Developing a rapid method for accurately predicting complex bacterial signalling networks, using Burkholderia pseudomallei as a test species

Lead Research Organisation: UNIVERSITY OF EXETER
Department Name: Biosciences

Abstract

Developing a rapid method for accurately predicting complex bacterial signalling networks, using Burkholderia pseudomallei as a test species

Bacterial survival depends upon their ability to respond to potential threats such as environmental stresses, attack by the host's immune system and antibiotics.
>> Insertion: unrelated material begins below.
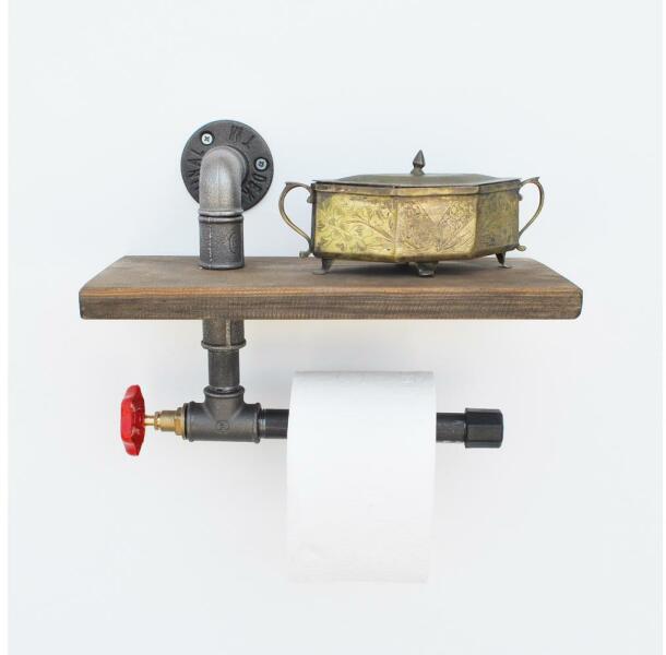 Vécépapír tartó polccal, lucfenyőfából készült, ipari stílusban. A modern stílusnak köszönhetően bármilyen otthonba illik. A fa és a fekete fém kombinációja. Maximum terhelhetőség: 3 kg.

Threats are detected using sensors (kinases), which trigger responses and ensuresurvival. Some bacteria have hundreds of sensors and while most of these sensors work independently (Figure 1A), the more important decisions affecting processes such as survival, virulence and antibiotic resistance, can rarely be made based on a single signal. Instead multiple different signals must be assessed and this requires the use of a network where multiple sensors work together to detect multiple different signals and to make the correct decision (a multikinase-network; Figure 1B). In the era of ever-increasing antibiotic resistance, these networks make attractive potential drug targets as they are absent from humans and are needed for bacterial survival and virulence. However, a major roadblock in researching these networks is determining which sensors participate in them. We have developed a bioinformatic method that allows us to predict these sophisticated networks and will therefore streamline the process of discovering these promising drug targets. This project is focussed on a unique multikinase-network that we have predicted in the melioidosis pathogen, Burkholderia pseudomallei, which comprises two sensor kinases that are essential for cell growth. It is likely to be an excellent target for the development of antimicrobial drugs. Research Objectives: 1. Show that the sensors work together as a network using interaction assays (two-hybrid and phosphorylation assays). 2. Determine what this network controls and why it is essential. 3. Identify the stimuli sensed by the kinases using binding assays and structural characterisation of the sensory domains using X-ray crystallography. Achieving these objectives will, firstly, characterise a crucial multikinase-network in an important antibiotic resistant pathogen and secondly, by validating our method for predicting multikinase-networks will greatly accelerate the discovery of other examples of these promising potential drug targets. Rotations: 1. Steve Porter and Rick Titball: Predicting multikinase-networks in Burkholderiapseudomallei. Skills gained: bioinformatic analysis of specificity residues, molecular biology and
protein-protein interaction assays. 2. Ravi Acharya: Structural biology of the essential kinases in Burkholderia pseudomallei. Skills gained: protein purification and X-ray crystallography. Training potential: The student will develop a broad range of interdisciplinary skills important for systems biology research including: molecular microbiology, protein biochemistry, structural biology, bioinformatics, sequence analysis and molecular biology.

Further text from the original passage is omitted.